* **WHAT YOU NEED TO DO**:
Set down exactly the lines from the one containing "for long-lasting use." to the final line of the records below, with every picture omitted.

* **DATA SUPPLIED**:
####

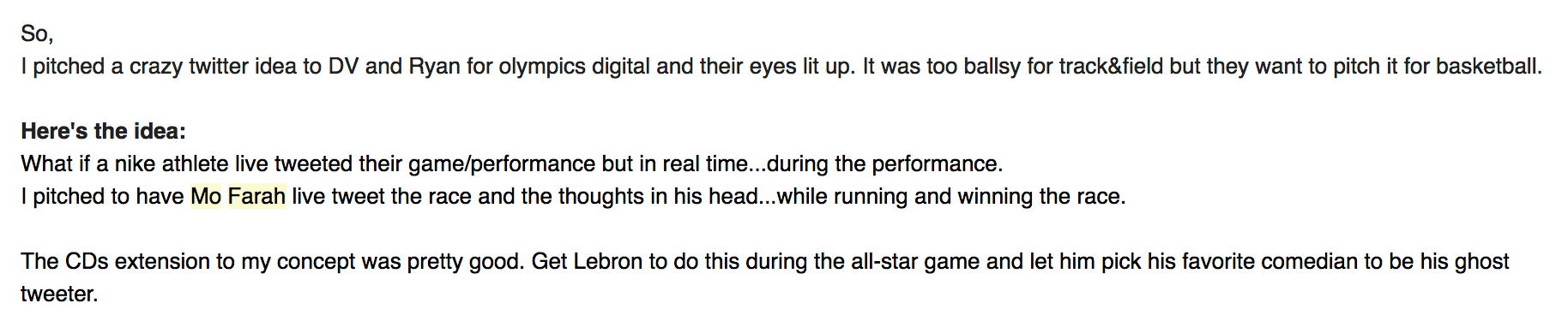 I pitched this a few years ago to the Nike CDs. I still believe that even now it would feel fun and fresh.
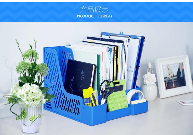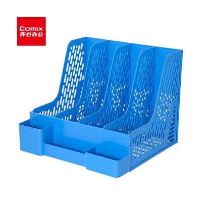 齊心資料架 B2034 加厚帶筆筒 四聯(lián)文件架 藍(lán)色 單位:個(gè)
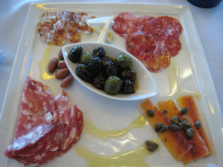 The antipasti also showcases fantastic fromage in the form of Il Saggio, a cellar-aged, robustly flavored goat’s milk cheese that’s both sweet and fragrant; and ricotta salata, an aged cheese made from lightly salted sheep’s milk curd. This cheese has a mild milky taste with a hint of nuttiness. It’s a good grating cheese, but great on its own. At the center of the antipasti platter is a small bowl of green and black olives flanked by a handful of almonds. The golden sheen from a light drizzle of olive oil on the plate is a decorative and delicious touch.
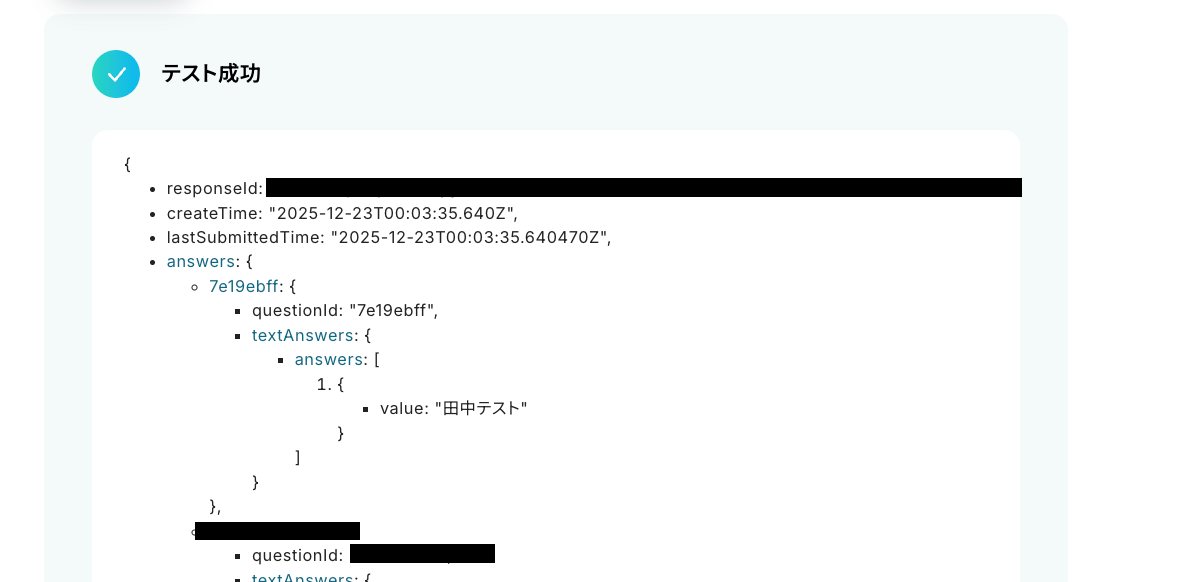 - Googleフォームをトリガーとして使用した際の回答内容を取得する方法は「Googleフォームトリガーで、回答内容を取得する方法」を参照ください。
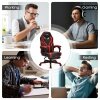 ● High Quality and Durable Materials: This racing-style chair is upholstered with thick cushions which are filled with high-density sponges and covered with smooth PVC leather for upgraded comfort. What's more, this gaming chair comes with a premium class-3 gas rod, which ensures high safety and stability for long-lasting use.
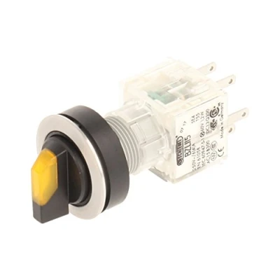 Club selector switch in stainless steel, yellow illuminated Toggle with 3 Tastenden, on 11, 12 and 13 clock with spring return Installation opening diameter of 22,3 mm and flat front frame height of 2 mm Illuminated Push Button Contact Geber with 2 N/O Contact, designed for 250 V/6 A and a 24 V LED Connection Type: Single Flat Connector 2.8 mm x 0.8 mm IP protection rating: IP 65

####

* **TASK OUTPUT**:
 ● High Quality and Durable Materials: This racing-style chair is upholstered with thick cushions which are filled with high-density sponges and covered with smooth PVC leather for upgraded comfort. What's more, this gaming chair comes with a premium class-3 gas rod, which ensures high safety and stability for long-lasting use.
 Club selector switch in stainless steel, yellow illuminated Toggle with 3 Tastenden, on 11, 12 and 13 clock with spring return Installation opening diameter of 22,3 mm and flat front frame height of 2 mm Illuminated Push Button Contact Geber with 2 N/O Contact, designed for 250 V/6 A and a 24 V LED Connection Type: Single Flat Connector 2.8 mm x 0.8 mm IP protection rating: IP 65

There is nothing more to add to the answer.